Design Therapeutics Inc (NASDAQ: DSGN) announced it would represent preclinical data on its GeneTAC therapy. The company developed this treatment for Fuchs endothelial corneal dystrophy (FECD). It will present this data at the annual meeting for the Association for Research in Vision and Ophthalmology.
The researchers’ tests found that the therapy restored regular splicing and lowered harmful nuclear foci endothelial cells of the cornea. Design Therapeutics will release more of the finding at the annual meeting between May 1 and 4 in Colorado. Moreover, the committee will hold another virtual meeting between May 11 and 12.
Corneal transplant is given for severe cases of FECD
When a patient develops FECD, their corneal endothelium begins to degenerate, which could cause vision loss. The Food and Drug Administration (FDA) has not approved any disease-modifying treatments for the illness. For this reason, many physicians opt for a corneal transplant to treat it.
Design Therapeutics uses its therapy to target the CTG repeats on TCF4 genes, which is the cause of the disease in about 75% of the patients.
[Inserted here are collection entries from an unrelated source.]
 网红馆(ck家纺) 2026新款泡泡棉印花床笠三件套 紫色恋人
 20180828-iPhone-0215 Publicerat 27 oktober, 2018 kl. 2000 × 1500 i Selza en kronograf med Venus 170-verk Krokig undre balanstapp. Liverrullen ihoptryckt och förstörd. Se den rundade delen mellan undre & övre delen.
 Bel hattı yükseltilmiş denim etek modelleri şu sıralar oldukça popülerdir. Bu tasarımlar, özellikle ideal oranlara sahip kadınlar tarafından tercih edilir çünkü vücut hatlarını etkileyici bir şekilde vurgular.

This move reduces mis-splicing and the formation of RNA foci.
In the preclinical studies, Design Therapeutics conducted, researchers tested the therapy on endothelial cells of the cornea. Researchers had previously extracted these cells, which had nuclear foci, from FECD patients.
The researchers noticed a significant reduction by about 99% of harmful nuclear RNA foci. Furthermore, GeneTAC molecules restored vital mis-spliced in the cells to normal.
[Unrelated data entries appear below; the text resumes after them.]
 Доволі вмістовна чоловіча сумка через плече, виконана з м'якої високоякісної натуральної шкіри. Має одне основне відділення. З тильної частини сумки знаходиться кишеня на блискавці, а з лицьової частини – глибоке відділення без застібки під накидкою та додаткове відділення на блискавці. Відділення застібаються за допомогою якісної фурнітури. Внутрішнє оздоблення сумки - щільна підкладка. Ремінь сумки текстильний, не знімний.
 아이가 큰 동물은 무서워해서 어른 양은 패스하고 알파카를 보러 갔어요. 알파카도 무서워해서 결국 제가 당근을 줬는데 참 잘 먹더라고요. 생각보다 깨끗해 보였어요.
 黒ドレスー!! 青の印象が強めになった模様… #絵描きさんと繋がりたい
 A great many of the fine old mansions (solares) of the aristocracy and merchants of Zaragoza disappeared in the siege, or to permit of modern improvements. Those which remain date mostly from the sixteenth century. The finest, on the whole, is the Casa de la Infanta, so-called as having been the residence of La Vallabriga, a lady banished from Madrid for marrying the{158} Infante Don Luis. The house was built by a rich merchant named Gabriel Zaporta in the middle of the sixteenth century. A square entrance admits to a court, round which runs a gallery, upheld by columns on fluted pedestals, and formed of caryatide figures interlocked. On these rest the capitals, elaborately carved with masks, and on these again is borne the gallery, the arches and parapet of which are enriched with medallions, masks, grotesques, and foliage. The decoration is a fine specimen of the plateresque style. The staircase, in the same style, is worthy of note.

According to Design Therapeutics’ CEO and President, Dr. João Siffert, most cornea transplants result from FECD. Unfortunately, physicians could only use this procedure for advanced disease stages. For this reason, Design Therapeutics hopes that GeneTAC could change this.
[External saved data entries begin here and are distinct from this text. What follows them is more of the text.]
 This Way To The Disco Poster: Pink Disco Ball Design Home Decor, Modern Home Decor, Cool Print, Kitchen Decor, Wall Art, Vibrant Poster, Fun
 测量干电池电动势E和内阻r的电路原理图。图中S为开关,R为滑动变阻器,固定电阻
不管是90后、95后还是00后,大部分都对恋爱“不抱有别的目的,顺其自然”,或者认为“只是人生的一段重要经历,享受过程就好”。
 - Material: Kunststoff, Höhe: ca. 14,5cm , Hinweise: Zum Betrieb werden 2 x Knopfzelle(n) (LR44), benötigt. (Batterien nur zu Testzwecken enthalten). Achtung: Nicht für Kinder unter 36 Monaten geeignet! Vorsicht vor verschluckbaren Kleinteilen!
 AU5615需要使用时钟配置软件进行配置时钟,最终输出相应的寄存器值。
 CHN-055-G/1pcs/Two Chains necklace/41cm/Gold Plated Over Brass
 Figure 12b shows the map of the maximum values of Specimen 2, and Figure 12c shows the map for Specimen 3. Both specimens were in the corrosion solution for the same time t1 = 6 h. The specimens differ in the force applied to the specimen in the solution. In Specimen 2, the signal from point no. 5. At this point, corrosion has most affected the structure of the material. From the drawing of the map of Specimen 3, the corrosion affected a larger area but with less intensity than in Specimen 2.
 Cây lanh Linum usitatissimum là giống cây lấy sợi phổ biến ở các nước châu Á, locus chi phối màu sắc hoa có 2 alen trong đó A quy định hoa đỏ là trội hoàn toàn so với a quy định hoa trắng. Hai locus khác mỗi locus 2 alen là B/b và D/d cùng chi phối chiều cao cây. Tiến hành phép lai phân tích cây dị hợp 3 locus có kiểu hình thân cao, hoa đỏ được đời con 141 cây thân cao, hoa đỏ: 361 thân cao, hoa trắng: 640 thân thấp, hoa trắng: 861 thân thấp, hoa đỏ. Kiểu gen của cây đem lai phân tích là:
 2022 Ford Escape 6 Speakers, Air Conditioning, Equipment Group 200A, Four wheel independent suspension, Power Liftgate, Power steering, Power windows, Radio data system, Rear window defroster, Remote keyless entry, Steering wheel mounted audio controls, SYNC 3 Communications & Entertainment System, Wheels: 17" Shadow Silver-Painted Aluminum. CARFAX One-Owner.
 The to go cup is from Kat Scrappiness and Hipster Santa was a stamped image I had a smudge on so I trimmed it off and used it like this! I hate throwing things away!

GeneTAC can treat early-stage FECD
The therapy modulates transcription and targets genomic sequences. This therapy removes the need for gene editing and surgery. It can be a better option for people in the early stage of disease than the testament the medical field currently offers.
From their clinical studies, the company believes that FECD GeneTAC therapy can correct the reason for FECD. Design Therapeutics also hopes to utilize the same model on other genetic conditions.
Design Therapeutics is a company focused on creating therapies using GeneTAC. This technology increases or lowers the expression of specific genes to treat a disease.